Juego compulsivo de espejos, trastrueque febril de máscaras e identidades, en definitiva, para que la conciencia pueda deslindarse de todo precepto moral, por medio de la imaginación, realizando un trabajo semejante al del sueño, liberando de toda responsabilidad social la fantasía, confundiendo nuestros más secretos deseos con las historias que nos permiten escapar de la realidad: un exorcismo que el chamán realiza, en calidad de poeta, operando con símbolos atemporales de origen metafísico, para sanar el inconsciente colectivo de la tribu y para su propia psique individual. El cine es un lenguaje prometeico, universal, de rebelión y de liberación, un jardín privado en cuyo tenebroso fondo existe una inmensa laguna en cuya parte sumergida nos bañamos todos, de donde es posible extraer una iluminación personal y tal vez colectiva que actualiza de un conjunto de arquetipos atemporales al siglo XX.
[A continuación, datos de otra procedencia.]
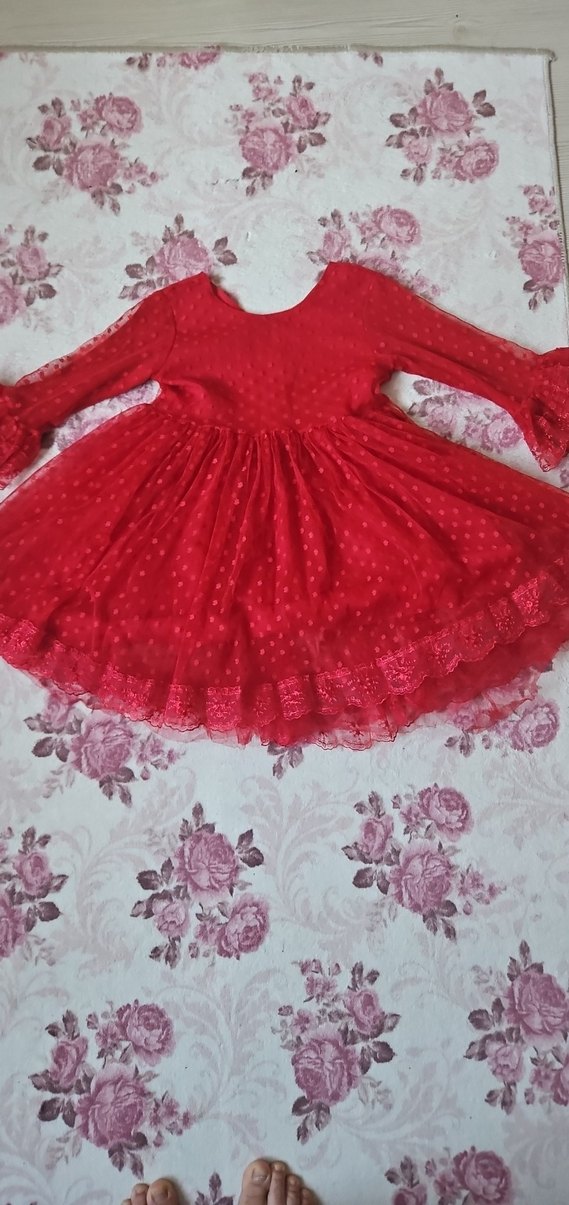 Kız çocuk için uzun kollu, yuvarlak yaka, fırfır detaylı kırmızı triko elbise, renkli ve bohem tarzda.7 yaş yazıyor ama 4 6 yaş için uygun ölçülerine göre alın
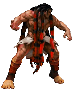 A powerful Necalli from Street Fighter V, a muscular fighter with distinctive red and black dreadlocks, stands ready for battle.
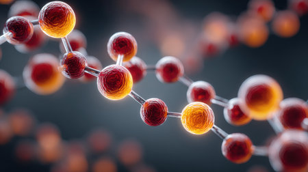 Abstract illustration of a molecular structure with vibrant red and orange spheres connected by thin lines against a dark blurred background
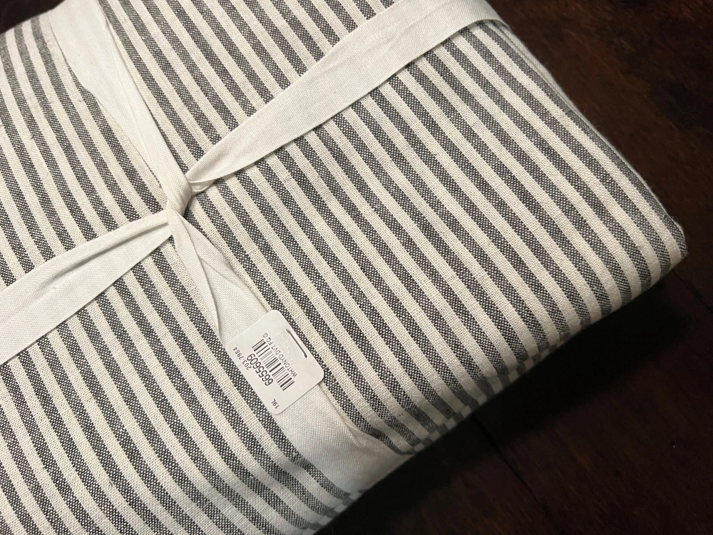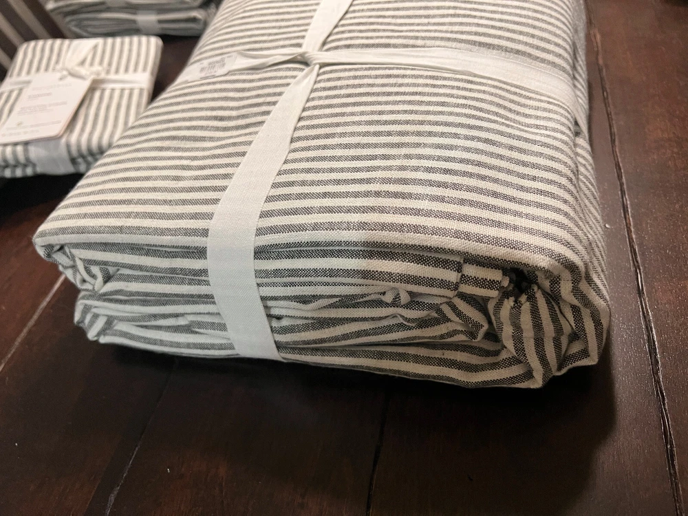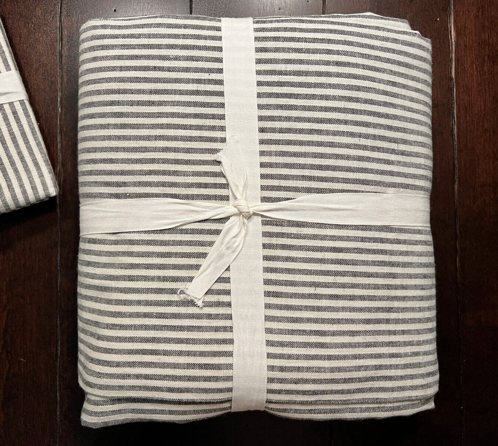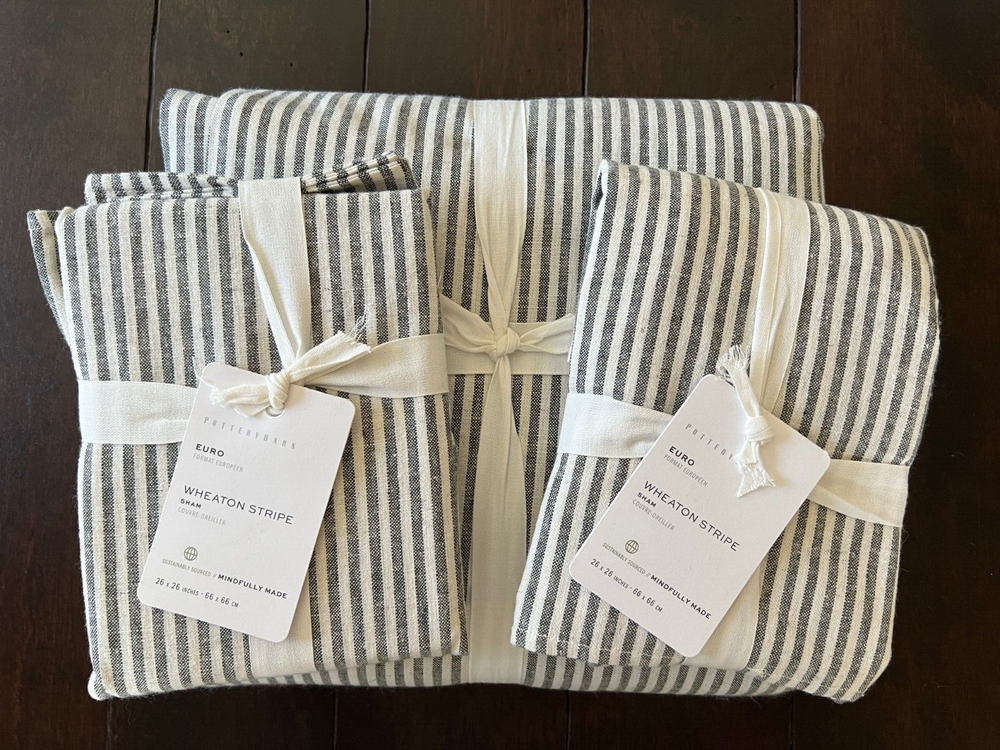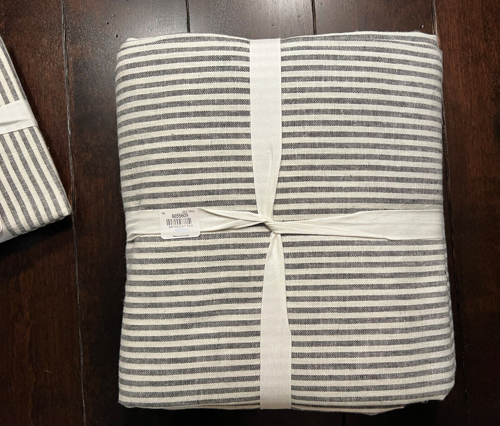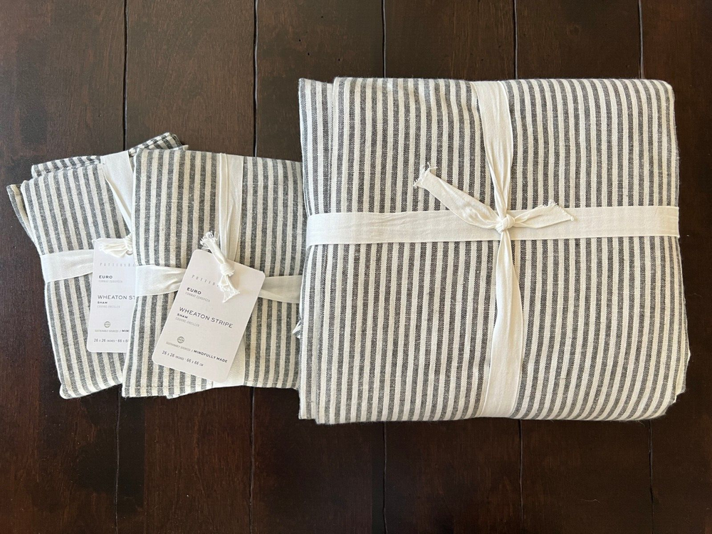 Pottery Barn Wheaton Striped Linen Cotton Duvet Cover & Shams New - Duvet is missing the tag, shams have tags Set includes: 1 Full/Queen Duvet Cover & 2 Euro Shams Color: Gray Please let me know if you have any questions. no returns Tailored with thin stripes for a classic look with timeless appeal, Wheaton bedding layers equally well with solids and patterns. Made from 55% linen and 45% cotton Yarn dyed for rich and lasting color that wears well over time Duvet and shams reverse to same stripe pattern Duvet and shams feature button closure Machine wash, tumble dry Full/Queen Duvet: 88" long x 92" wide Euro Shams: 26" high x 26" wide

Lindsay siempre sostuvo una ambigüedad totalmente intencional acerca del apego a la realidad de aquello que había soñado. Como si el fruto de sus visiones se correspondiera con un pasado auténtico, pero desconocido; algo a lo que tal vez ella pudo acceder en la infancia, quizás en sus visiones de juventud, y a lo que más tarde regresó cuando estuvo lista para transcribirlo negro sobre blanco. Una leyenda real de fantasmas. Por supuesto, la carga simbólica de la historia, que sobrevive y se potencia en su adaptación al cine, reside en el cronotopo: en el espacio físico que gracias al cine puede ser inmortalizado por lo que llamaremos “la técnica de esculpir en el tiempo”. La propia idea de la ascensión por el templo rocoso de la Naturaleza ya está cargada de una connotación espiritual evidente.

El otro polo principal de espiritualidad latente en la película es la feminidad. Un fuerte contraste entre la pureza, ejemplificada en el tono blanco con el que visten las jóvenes, y una sensualidad veraniega evidente en multitud de gestos y miradas diseminados a lo largo del filme. La mayor virtud narrativa de Lindsay primero, y más tarde también de Weir, reside en que nunca se llega a revelar con claridad el misterio de lo ocurrido. Donde otro director habría optado por resolver, Weir decide no añadir nada a lo ocurrido. Comparte su complejidad y su perplejidad con nosotros, los espectadores, a quien entrega el Misterio de la película para que lo hagamos nuestro.

Tampoco resuelve el erotismo femenino, nunca llega a existir una escena explícita de sexo, como sí las hay en otras películas similares a ese respecto, tales como El seductor (1971) o Perros de paja (1971). Es lo que Bazin llamó “el complejo de la momia”, que trasciende la “museificación” del arte visual por la riqueza del plano, cuya densidad inacabable trasciende toda muerte en el espacio-tiempo fílmico, precisamente por su uso autoconsciente del espacio y el tiempo dentro del metraje.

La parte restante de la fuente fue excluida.